··· Exercise data
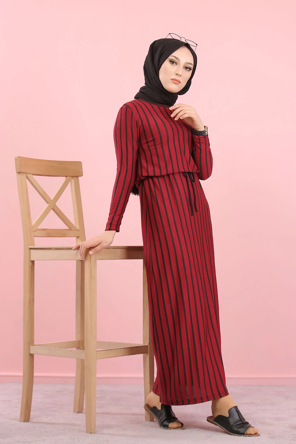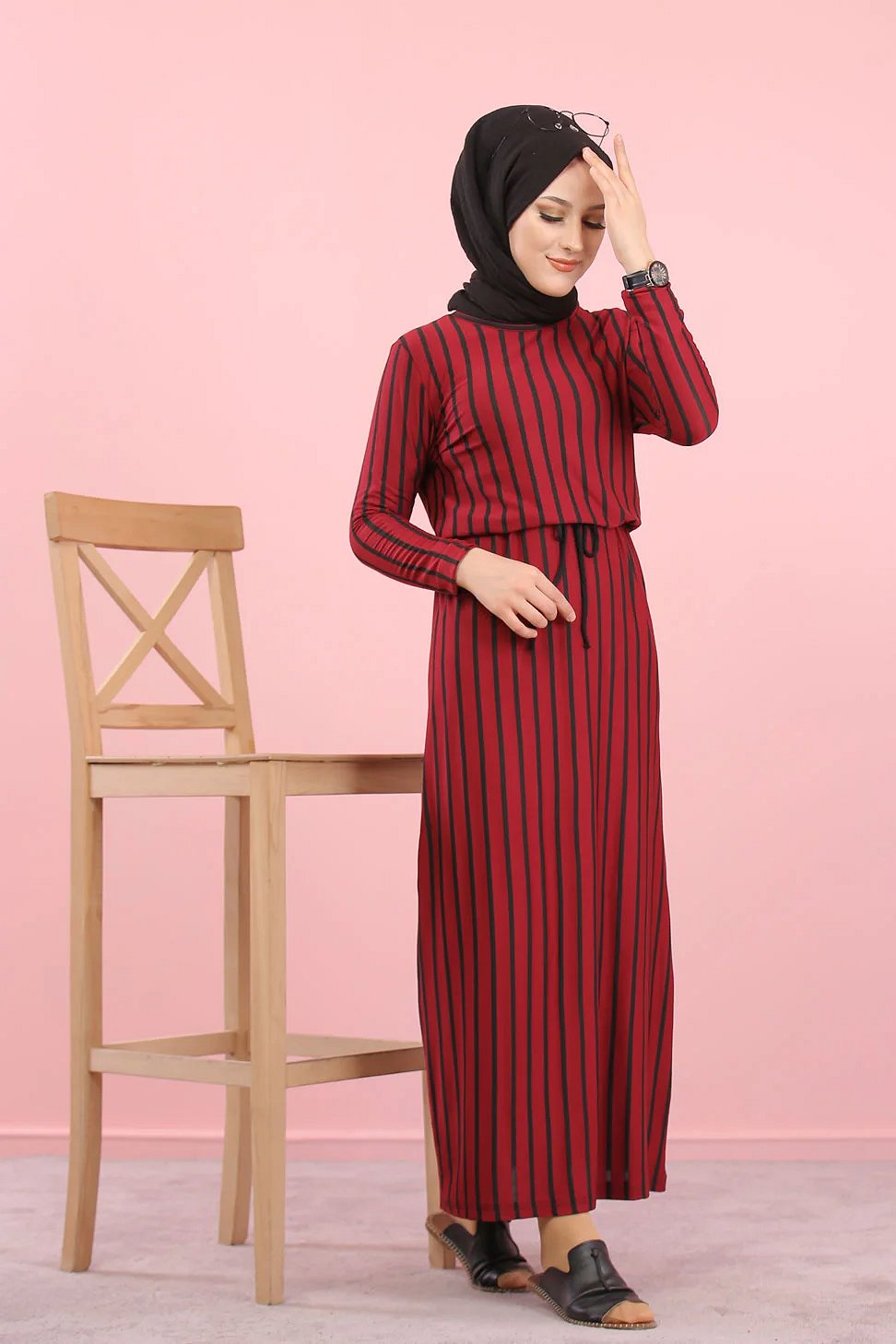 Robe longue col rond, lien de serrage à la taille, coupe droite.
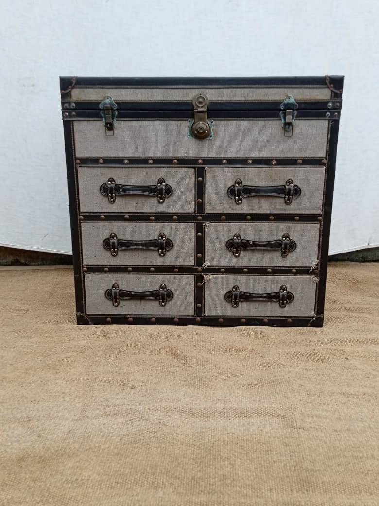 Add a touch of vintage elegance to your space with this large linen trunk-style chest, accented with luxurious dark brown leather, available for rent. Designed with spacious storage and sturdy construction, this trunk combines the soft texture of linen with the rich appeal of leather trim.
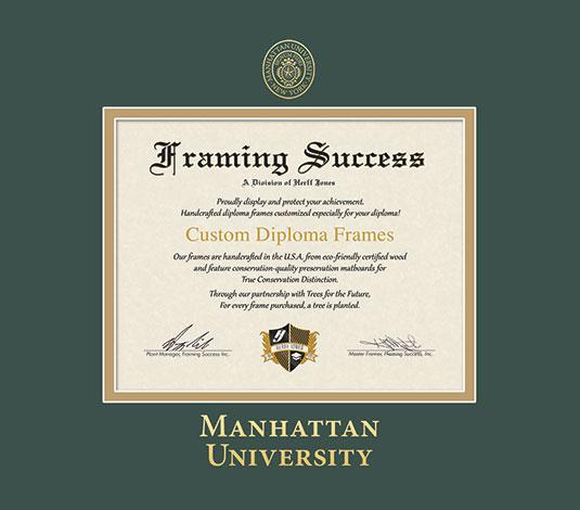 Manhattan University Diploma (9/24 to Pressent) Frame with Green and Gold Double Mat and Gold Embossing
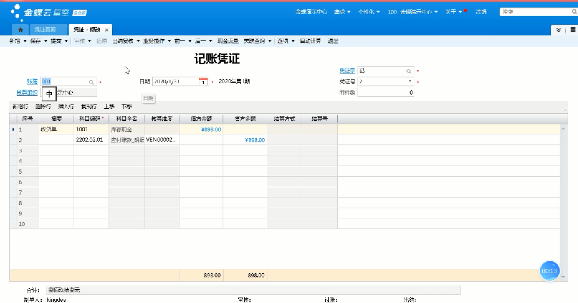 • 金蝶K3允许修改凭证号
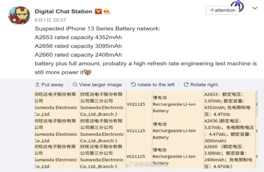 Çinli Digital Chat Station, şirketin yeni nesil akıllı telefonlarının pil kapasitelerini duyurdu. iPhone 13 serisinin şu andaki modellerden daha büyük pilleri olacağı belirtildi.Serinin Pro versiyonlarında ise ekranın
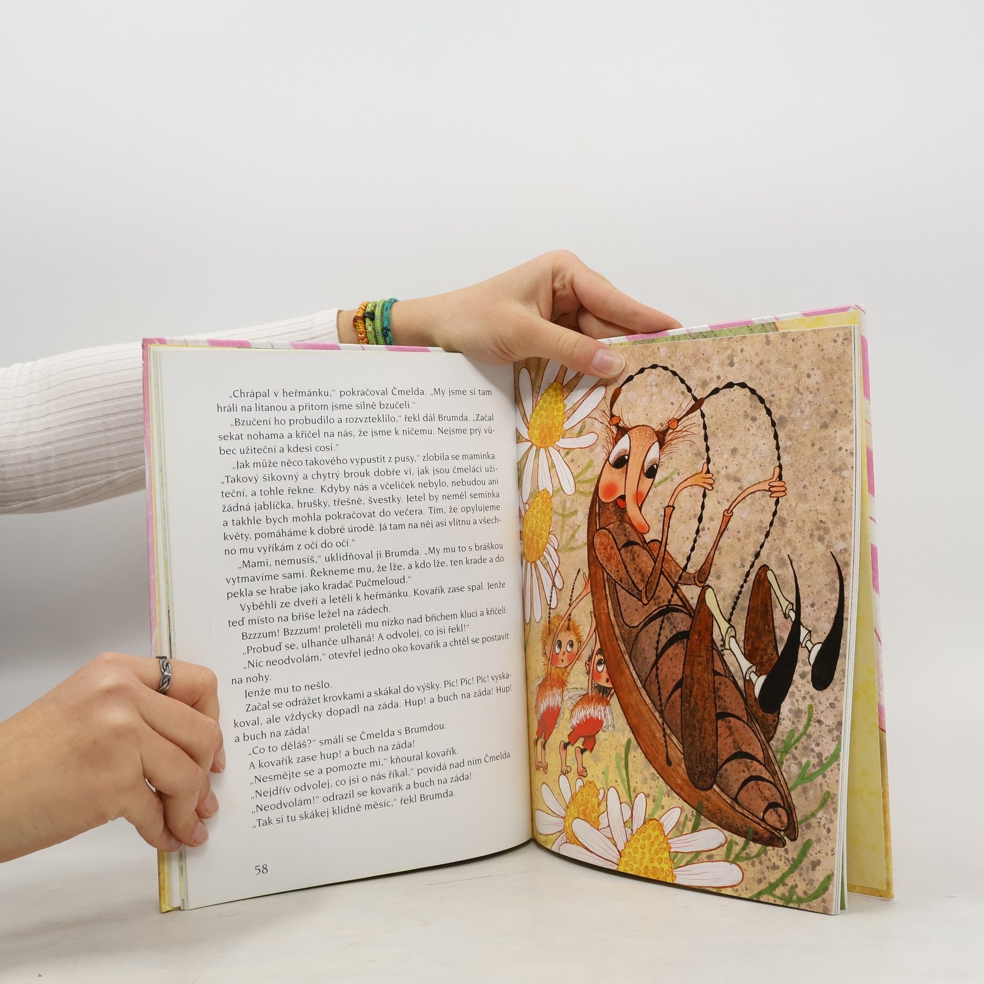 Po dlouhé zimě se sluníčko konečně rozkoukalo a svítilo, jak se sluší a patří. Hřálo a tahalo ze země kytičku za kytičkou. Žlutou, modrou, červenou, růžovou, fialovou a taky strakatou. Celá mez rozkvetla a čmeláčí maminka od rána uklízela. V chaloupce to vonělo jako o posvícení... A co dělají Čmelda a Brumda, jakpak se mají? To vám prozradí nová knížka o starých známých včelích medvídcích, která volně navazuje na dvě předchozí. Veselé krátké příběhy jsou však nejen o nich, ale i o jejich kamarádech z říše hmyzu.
······
# [Problem details]
Copy the lines exactly as they appear from the opening of the entries above through the line with "Add a touch", excluding all pictures.

# [Solution to the problem]
 Robe longue col rond, lien de serrage à la taille, coupe droite.
 Add a touch of vintage elegance to your space with this large linen trunk-style chest, accented with luxurious dark brown leather, available for rent. Designed with spacious storage and sturdy construction, this trunk combines the soft texture of linen with the rich appeal of leather trim.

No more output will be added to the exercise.